PHEVs do have an efficiency problem; this is not news. They are inherently heavy and complicated, because they depend on two working powertrains rather than one. But if they’re not driven down emissions as quickly as they might have, I would suggest it’s not because they don’t work.

Might it actually be because they’ve been pushed at the fleet market, rather than at private buyers, through those benefit-in-kind tax savings, perhaps? To users who tend to do greater commuting and business mileage, rather than those who do the sort of short-hop, to-and-from-home daily motoring to which a PHEV might be better suited?

If we’d given plug-in hybrid cars VAT reductions as private buys, rather than making them default-pick company cars, would they not have worked better? Imagine how different your driveway might look today if, a decade ago, HMRC had done just that. If the tax system had been used to move smaller, more affordable compact cars towards electrification more widely and more quickly; and in bigger ones, other drivers of efficiency had been pursued. How much closer would we be to ‘net zero’ then?
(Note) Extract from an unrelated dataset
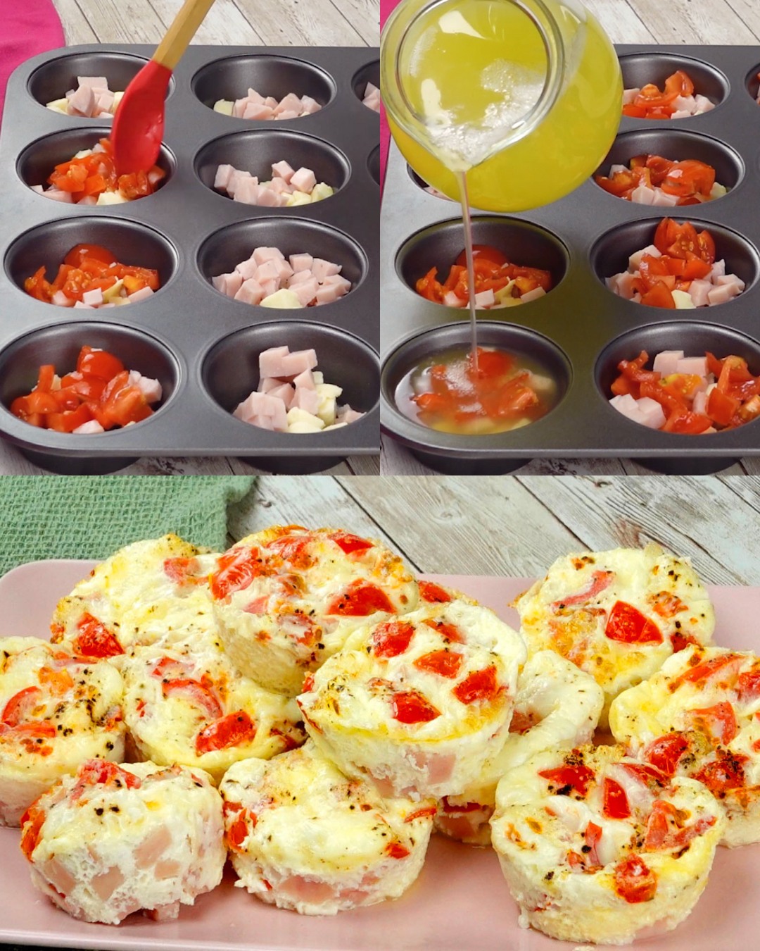 – Ravnomjerno rasporedi bjelanca u kalupe, preko sira i šunke – ne puniti do vrha jer će se malo podići tokom pečenja.

And might a system with some kind of check on how often these PHEVs are actually plugged in not have been a good idea?

What makes me sigh the deepest is that, if this does turn into another round of Dieselgate-style car industry-bashing, the reputation of a great many cars I really like will be the worse as a result. The Polestar 1; BMW i3 REX; BMW 545e; Peugeot 508 PSE; even the Toyota Prius PHEV (solar panel on the roof, anyone?). 

Cars like that don’t deserve to be tarred and feathered – and those who know them well, and use them daily, know as much. Plug-in hybrid powertrains have an important contribution to make to this great electrification switch – and the ones coming through now, with their 50-mile-plus electric ranges, might just achieve the most, provided they’re subsidised in the right way, and sold to the right people. 

Whatever happens in the next few months, I hope it’s remembered that PHEV technology itself isn’t the problem. And if it’s been misapplied, before anyone at the DfT blames the car industry, they should take a long, hard look at themselves.